Every abstraction adds some complexity. So maybe the PoC skips all abstractions. Then we need to add a variant to something. Well, a single if/else is simpler than an abstract base class with two concrete implementations. Adding the 3rd as another if clause is simpler than refactoring all of them to an ABC structure. And so on.

“Simple” is relative. Investing in a little complexity now can save your ass later. Weighing this decision takes skill and experience

miningape · 2026-04-01T00:11:36 1775002296

I think what matters more than the abstract class vs if statement dichotomy, is how well something maps the problem domain/data structures and flows.

Sure maybe its fast to write that simple if statement, but if it doesn't capture the deeper problem you'll just keep running head first into edge cases - whereas if you're modelling the problem in a good way it comes as a natural extension/interaction in the code with very little tweaking _and_ it covers all edge cases in a clean way.
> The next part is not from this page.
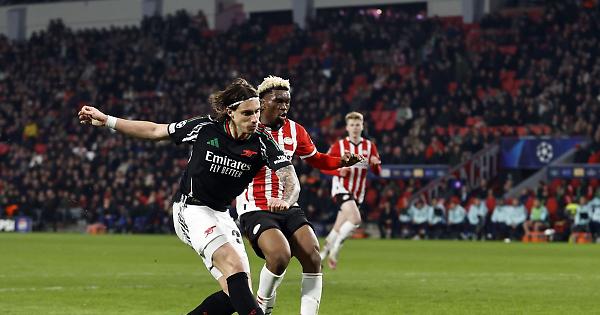 EINDHOVEN (OLANDA) - L'Arsenal travolge il PSV vincendo la gara d'andata degli ottavi di Champions per 7-1. Match praticamente a senso unico, decisive le reti di Odegaard (doppietta), Timber, Nwaneri, Merino, Trossard e Calafiori. Sconfitta pesantissima per gli olandesi che ai playoff avevano superato la Juventus, la qualificazione ora è una missione praticamente impossibile. Nonostante le tante assenze (Saka e Martinelli non saranno a disposizione per circa un mese) e senza centravanti, i londinesi hanno iniziato col piede giusto una partita che si è messa subito in discesa: l'unico brivido è arrivato con la traversa colpita da Salibari, una ghiotta occasione non sfruttata dai padroni di casa e che ha svegliato l'Arsenal. Nel giro di tredici minuti sono arrivate tre reti: al 18' però Timber - dopo un'azione manovrata - ha ribadito in rete il cross di Rice. Tre minuti più tardi, al 21', Merino - adattato da Arteta nel ruolo di centravanti - è riuscito a confezionare la sponda per il 2-0 firmato da Nwaneri. Al 31' un pasticcio difensivo del PSV, culminato con l'errore di Flamingo, ha permesso allo stesso Merino di firmare il terzo gol della serata. Soltanto il rigore realizzato da Lang, assegnato per una sbracciata di Partey su De Jong, ha permesso alla squadra di Bosz di tenere momentaneamente aperto il discorso qualificazione. Diverse le proteste da parte dei padroni di casa poco prima della terza rete incassata, Gil Manzano ha graziato Lewis-Skelly (già ammonito) dopo un fallo. L'effetto del penalty si è esaurito dopo appena due minuti quando Odegaard, dopo una respinta sbagliata di Benitez, ha ribadito in porta la quarta rete. Dopo appena un minuto Calafiori e Trossard hanno costruito il gol della manita, il belga con un tocco sotto ha scavalcato il portiere avversario dopo l'ottimo filtrante del difensore azzurro. Ancora Odegaard, al 28', ha segnato il 6-1 con un tiro dalla distanza, Calafiori ha poi messo la ciliegina sulla torta con il diagonale che ha chiuso il match sul 7-1. - foto Ipa Agency - . pia/gm/red 04-Mar-25 23:11

blanched · 2026-04-01T00:36:03 1775003763

I’m aware I’m about to be “that guy”, but I really like how Rich Hickey’s “Simple Made Easy” clarifies simplicity here. In that model, what you’re describing is easy, not simple.

mememememememo · 2026-03-31T20:47:17 1774990037

Yes. Which is why "I generated X lines of code" "I used a billion tokens this month" sound stupid to me.

Like I used 100 gallons of petrol this month and 10 kilos of rabbit feed!

julenx · 2026-04-01T07:48:02 1775029682

The same people that pursue economic incentives are who I hear speaking about number of lines produced by developers as a useful metric. I sense a worrying trend toward more is better with respect to output, when the north star IMHO should be to make something only as complex as necessary, but as simple as possible. The best code is no code at all.

sph · 2026-03-31T21:13:23 1774991603

People use stupid metrics like those because more useful ones, like "productivity" or "robustness" are pretty much impossible to objectively measure.

mememememememo · 2026-04-01T12:04:46 1775045086

And because the other easy one, revenue, is not so impressive.

jumploops · 2026-03-19T08:45:07 1773909907

Funnily enough, with the most recent models (having reduced sycophancy), putting in the wrong assumptions often still leads to the right output.